The set features remastered versions of all released material, the unreleased tracks “Blank Generation (Live)” and 2004’s “She’ll Be Coming (For Dennis Cooper),” as well as Hell’s own remixes of his songs.
Hell was a key figure on the New York punk scene, forming the Neon Boys in 1974 with Tom Verlaine. They soon changed their name to Television and became fixtures at downtown music haunt CBGB’s, along with peers Patti Smith, the Ramones, Blondie and Talking Heads. Within a year, however, frustrated with Verlaine’s creative leadership, Hell set out on his own, joining up with ex-New York Dolls Johnny Thunders and Jerry Nolan to form the Heartbreakers. But with the attention on Thunders, bassist Hell left in months, eventually forming Richard Hell and the Voidoids with the late Robert Quine on guitar. Their 1977 debut, Blank Generation, is considered a punk classic.
The band, who went on to tour with the Clash, had fallen quiet by the late Seventies, and in spite of 1982’s solid Destiny Street release, the Voidoids flamed out. Hell went on to play in the short-lived Dim Stars with Sonic Youth’s Thurston Moore. He co-starred as Madonna’s boyfriend in 1985’s Desperately Seeking Susan, and published poetry and the 1996 novel, Go Now. His second work of fiction, Godlike, is due July 15th.

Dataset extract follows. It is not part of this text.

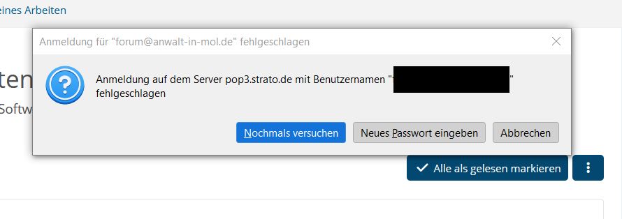 Wenn ich das Paßwort eingebe, bleibt die Fehlermeldung erhalten. Das Abrufen dauert entsprechend lange.
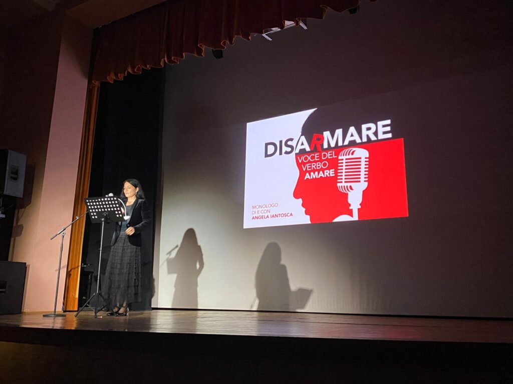 Ad aprire la due giorni di Articolo 21 è stata la rappresentazione “Disarmare. Voce del verbo amare” a cura dell’attrice, scrittrice e giornalista Angela Iantosca.

But with Spurts, Hell has had the opportunity to revisit the renegade sounds that made his name. “The way we sounded together in the Seventies, as well as on Destiny Street — I never thought of it as being influential, because it was too eccentric,” Hell told Rolling Stone. “But now for the first time, I’m hearing things that sound like they were influenced by those records: the new wave of garage rock and ‘art rock.’ I’m way into the Yeah Yeah Yeahs, for instance . . . I can hear us in many of these bands.”